I'd like some opinions.

 

i have an 81 cadillac seville and i'm putting a system in and would like some other poeple's opinions. i was looking at putting three 10" audiobahn high excursion 600 watt rms subs in a sealed box. I just went to a local audio store and was reccemended some alpine 12" type r's. i listen to all types of music. if you reccemend another speaker please share your input. i would like to stay away from anything higher than a 12" sub.
 

hiphopanonymous
in a caddy? man you should be stuffin that thing with 15's man. but if u prefer 12's, then alpines are good, i mean great, if u have the dough.
 

Robert Farm
thnx hiphopanonymous i don't like 15"s because they have a long recoil time and i like all types of music. but i really want to bump. plz wrtie back
 

Anonymous
look 15's are going to be better than 12's any way you put it as along as they are the same line of sub.

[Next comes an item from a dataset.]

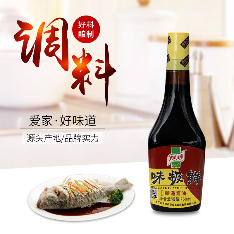 爱家调味品760ml味极鲜酱油 酱香浓郁色泽红亮 现货批发 品质保障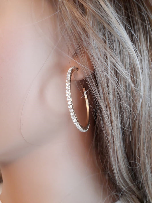 Open Whole Crystals Earring Finished in 18K Yellow Gold Women Jewelry 36558

A 15 will respond just as fast as a 12 it simply has to move a smaller distance to create the same amount of sound. It can also play lower which will be nice since you listen to many different types of music. Also since you will have a good amount of space i would put them in a ported box they will play better at the tuning frequency and will be able to pound when you turn of the volume. Also i don't care for Alpines subs but its just personal opinion. The rockford Power HX2 15's play loud and have good sound quality at all volumes in a ported box.
 

hiphopanonymous
i agree w/ anonymous. fosgate 15's are nice. i currently am running 2 15's he2 subs in my ack legend and it's tearing everything apart. my trunk sounds like it's gonna fall off and my interior rear deck hella vibrates. other than all this crap, 15's sound way nicer than 10's or 12's that i have had in the past. 15's will REALLY bump! period.
 

"look 15's are going to be better than 12's any way you put it as along as they are the same line of sub."

not always.

"A 15 will respond just as fast as a 12 it simply has to move a smaller distance to create the same amount of sound."

not true. a 15" has more mass, and as the laws of physics tell us, the more mass and velocity, the more momentum, and objects in motion like to stay in motion. getting them to stop and go the other way, several times per second in fact, is more difficult with a higher mass. a fifteen is slower than a twelve, which is slower than a ten and so forth. remember, the frequency that the sub has to move back and forth is the same. the frequency is determined by the source material (music) whereas the excursion (amplitude) is determined by volume.

"It can also play lower"

true. the Fs of a larger driver (diameter) is lower due again, to the increased mass of the speaker. Lower Fs equals more resonance, or as you say, playing deeper.

"Also since you will have a good amount of space i would put them in a ported box they will play better at the tuning frequency and will be able to pound when you turn of the volume."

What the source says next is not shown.